First off, thanks a lot for your help.
Secondly, will you do it again?
A bicyclist traveling with speed v = 3.2m/s on a flat toad is making a turn with radius r = 2.8 m. The forces acting on the cyclist and cycle are the normal force (N) and friction force (Ffr) exerted by the road on the tires and mg, the total weight of the cyclist and bicycle.
A) Explain why the angle theta the bicycle makes with the verticle must be given by tan(theta) = Ffr/N if the cyclist is to remain balanced.
B) Find theta for the values given.
C) If the coefficient of static friction between the tires and road is µs = 0.65, what is the minimum turning radius?
I got the centripetal acceleration X mass = Ffr.
I got mg equals to N(hypothenuse * sin(th)) - Ffr(hypotenuse * cos(th))
In order to find the theta, I need to use circular translational motion?
This is where I got stumped.
A) Draw yourself a head-on view of the tilted bike coming out of the page. The torque about the point where the wheel touches the road must be zero, otherwise the bike will tip one way or the other.

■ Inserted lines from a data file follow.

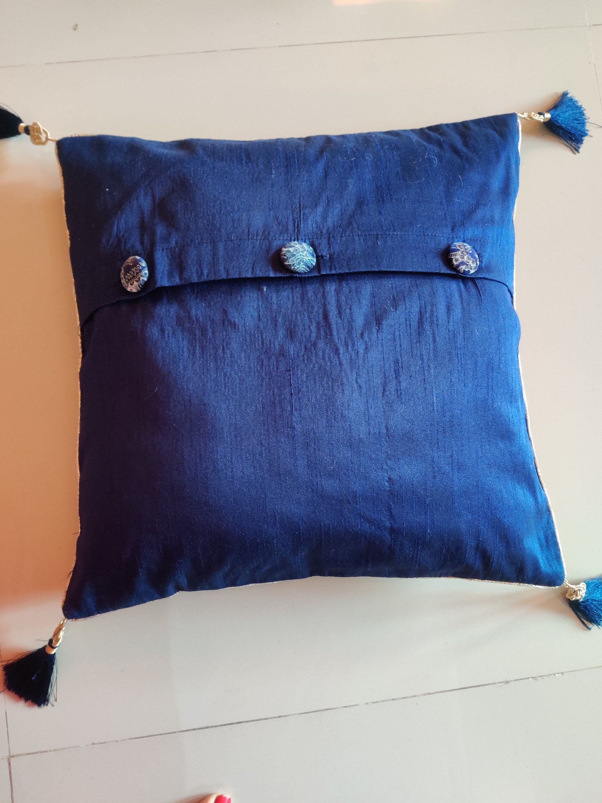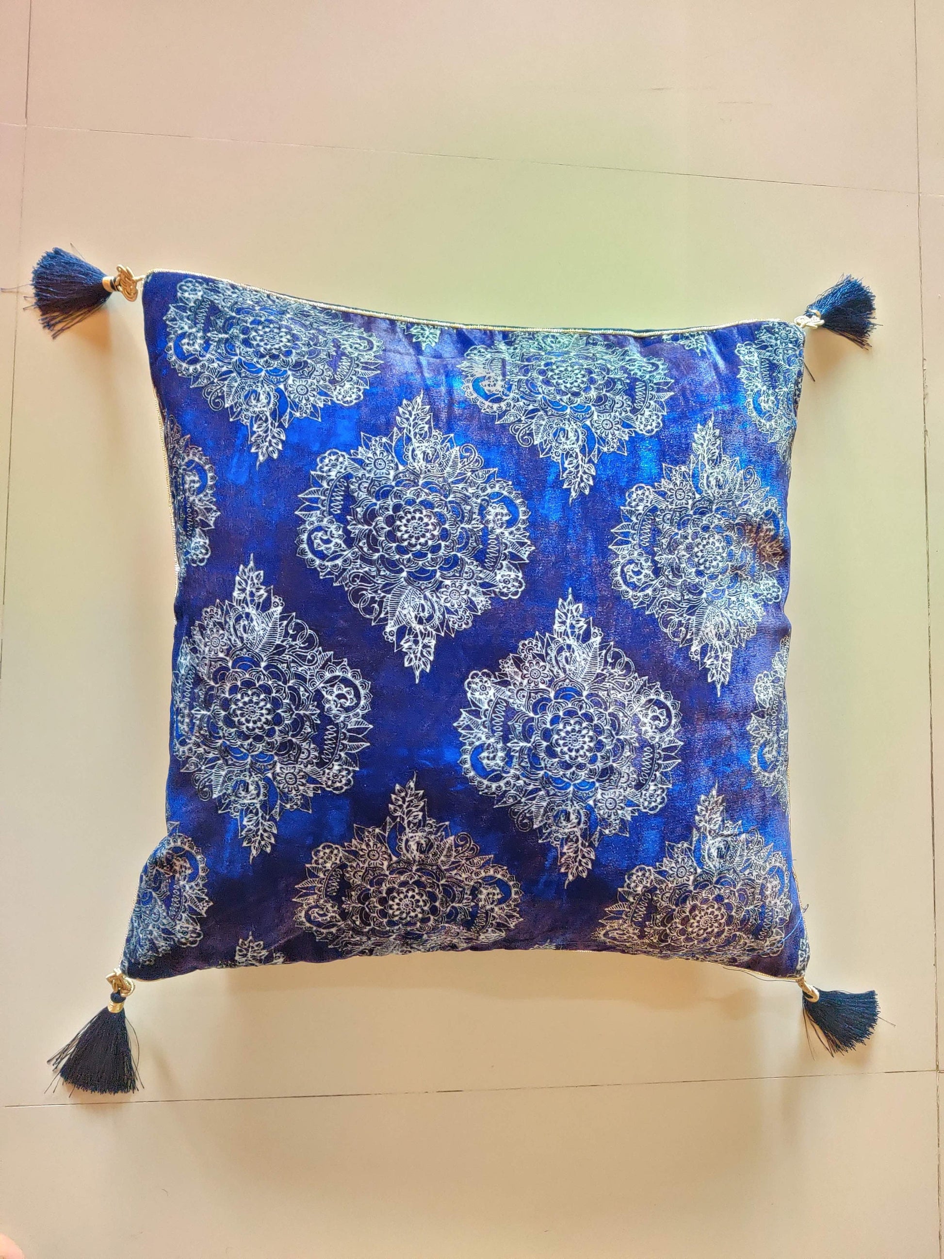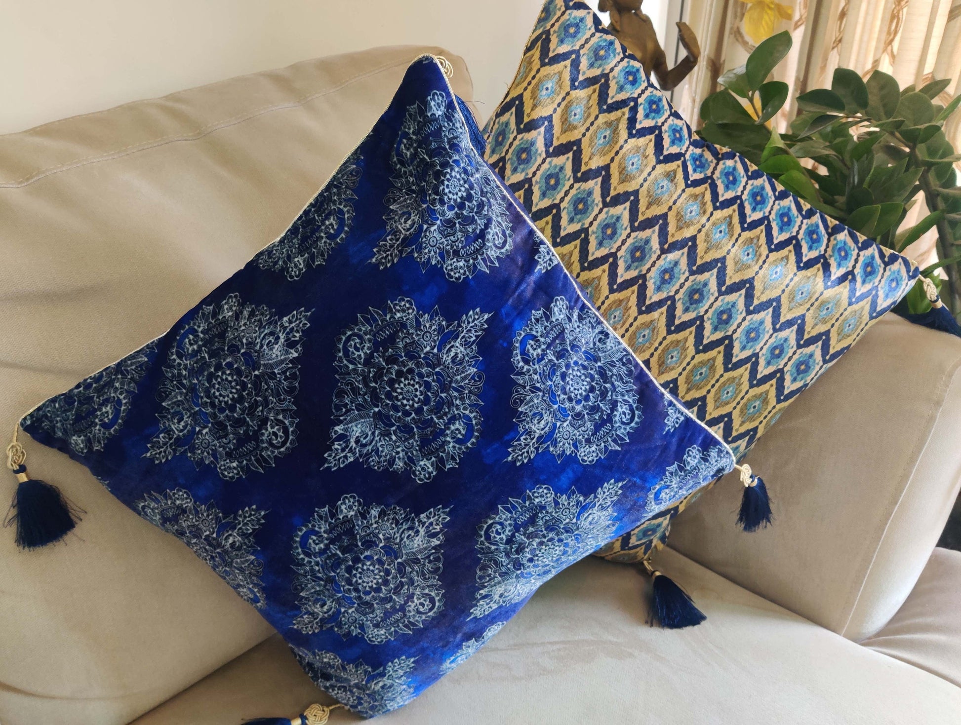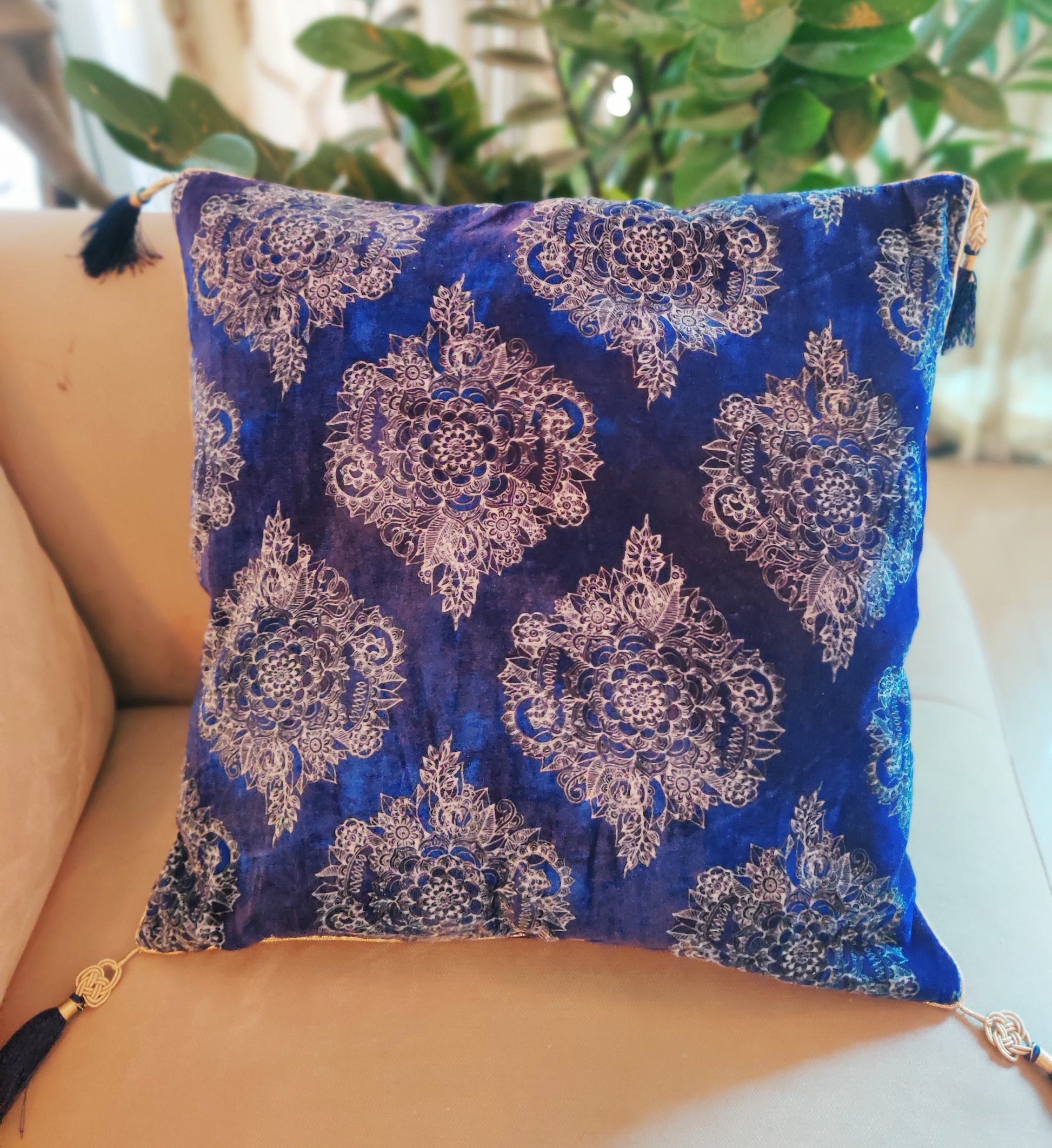 Soft and luxurious, vibrant yet elegant! Here's a plush velvet cushion cover with a vintage looking floral print. With very regal flowers in muted white on a royal blue silk velvet fabric. With a gorgeous blue and gold tassel on each of the four corners. And cute buttons of the same print on the blue art silk back - as we know it's the small things that bring big joys!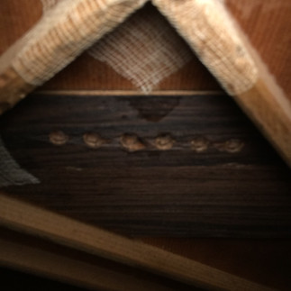 ネックの根元のブロックに斜めにしっかりと補強の梁が入っていています。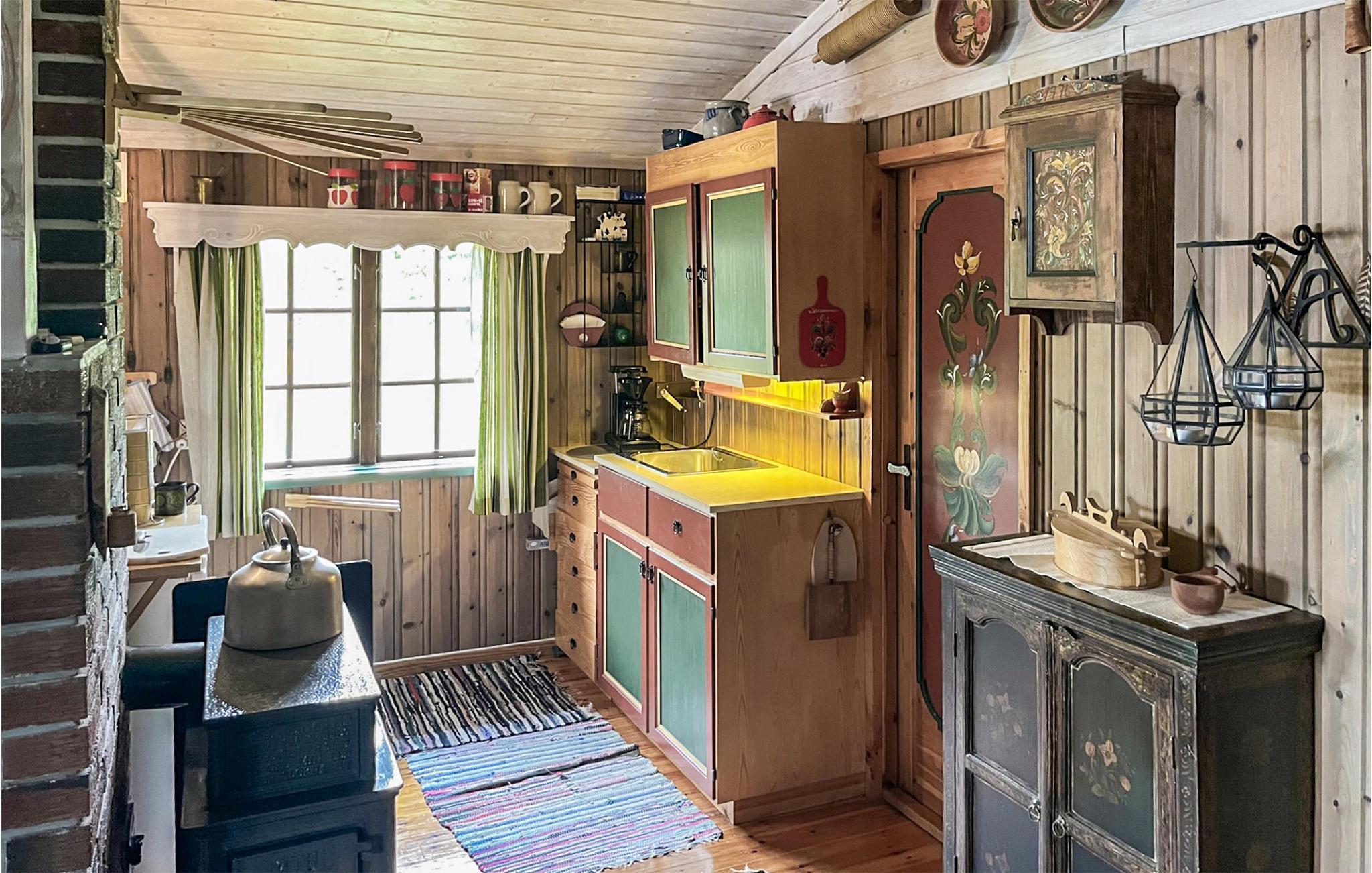 Dette feriehus, beliggende tæt på skoven, med en hjemlig atmosfære er en god base for aktive feriegæster og lystfiskere! Huset er fyldt med hyggeligt nips og kreative indslag som de smukt dekorerede døre. Tegn jeres vandrerute på kortet ved spisebordet om morgenen, og så er I afsted! Efter en lang dag indbyder kaffebordet til en sjov eftermiddag med brætspil og måske i aften i sofaen til en snak om morgendagens fisketur? Hvis I vil tilbage til naturen på ferie, er dette stedet for jer. Foran døren finder I et magiske bjerglandskab at opdage og en smuk sø til fisketure og svømning.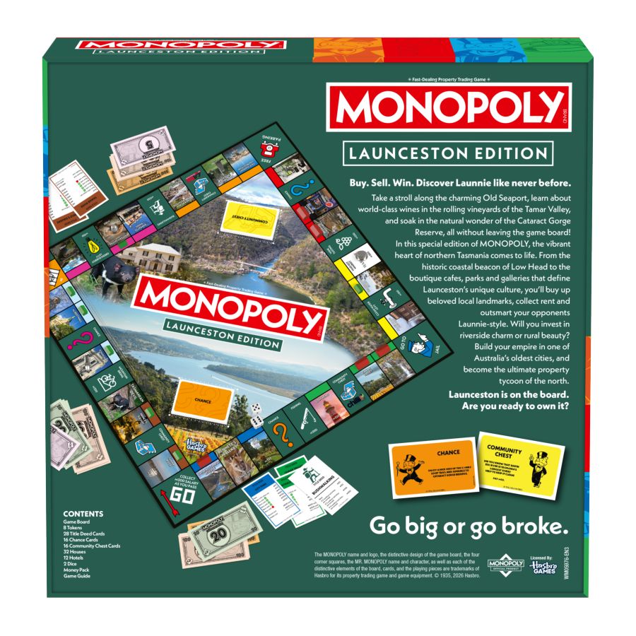 Welcome to the Launceston edition of MONOPOLY! In this special edition of MONOPOLY, the vibrant heart of Northern Tasmania comes to life. You'll buy up beloved local landmarks, collect rent, and outsmart your opponents, Launnie-style. Will you invest in riverside charm, or rural beauty?

There is an upward force N on the tire that equals the weight of bike and rider. The opposite force acts as if applied to the center of mass of the bike/rider combination. There is also a centripetal friction force Ff applied at the point where the wheel meets the road. The problem can be treated statically if one allows a centrifugal or "D'Alembert" force to be acting horizontally on the bike at the center of mass of the bike-rider combination.
B) In order for there to be no net torque about the point where the wheel touches the road, the two forces acting at the center of mass, N and Ff, must have a ratio
Fr/N = tan theta = V^2/(gr)= 0.373
theta = 20.5 degrees
C) For the minimum turning radius at that velocity, Ff/N = µs = 0.65.
The leaning angle theta will be larger, and you will now have
V^2/(gr) = 0.65
r = V^2/(0.65 g)= 1.61 m
The above analysis makes an approximation that the centripetal acceleration is the same for all parts of the bike and rider;however for turning radii his small, the acceleration varies from top to bottom of the bike. Bike and rider are not small compared to the turning radius.
A) In order for the cyclist to remain balanced while making a turn, the net force acting on the bicycle and cyclist must point towards the center of the turn (centripetal force), which allows for circular motion. The normal force (N) is the force exerted by the road perpendicular to the tire's surface, and the friction force (Ffr) is the force exerted parallel to the tire's surface, opposing the motion. For the bicycle to remain balanced, the force of friction (Ffr) must provide the necessary centripetal force.
To explain why the angle theta must be given by tan(theta) = Ffr/N, we can consider the forces acting on the bicycle. The force of friction (Ffr) is the adjacent side and the normal force (N) is the opposite side of a right triangle formed by these forces. The tangent of an angle in a right triangle is defined as the ratio of the opposite side to the adjacent side. Therefore, we can say that tan(theta) = Ffr/N.
B) To find theta, we need to calculate the values of Ffr and N using the given information. We know that the centripetal force required to maintain circular motion is given by Fc = mv^2 / r, where m is the mass of the bicycle and cyclist. The centripetal force is provided by the force of friction (Ffr), so we can equate these two forces:
Ffr = mv^2 / r
Next, we need to calculate the normal force (N). The weight of the cyclist and bicycle is equal to mg, where g is the acceleration due to gravity. The vertical component of the weight is balanced by the normal force (N), so we can set up an equation:
mg = N * cos(theta)
Now we have two equations and two unknowns (Ffr and N), so we can solve them simultaneously. Substitute the expression for Ffr from the first equation into the second equation:
mg = (mv^2 / r) * cos(theta)
Now rearrange the equation to solve for theta:
theta = arccos((rg) / (v^2))
Plug in the given values of r = 2.8 m and v = 3.2 m/s to calculate theta.
C) To find the minimum turning radius, we need to use the equation for the maximum static friction force:
Ffrmax = µs * N
where µs is the coefficient of static friction between the tires and the road. We can substitute the expression for N from the previous equation into this equation:
Ffrmax = µs * (mg / cos(theta))
Since the maximum static friction force is equal to the centripetal force required for circular motion, we can equate equations:
mv^2 / r = µs * (mg / cos(theta))
Now, we need to solve this equation for the minimum turning radius (r). Rearrange the equation:
r = (µs * v^2) / (g * cos(theta))
Substitute the given values of µs = 0.65, v = 3.2 m/s, and theta from part B to calculate the minimum turning radius.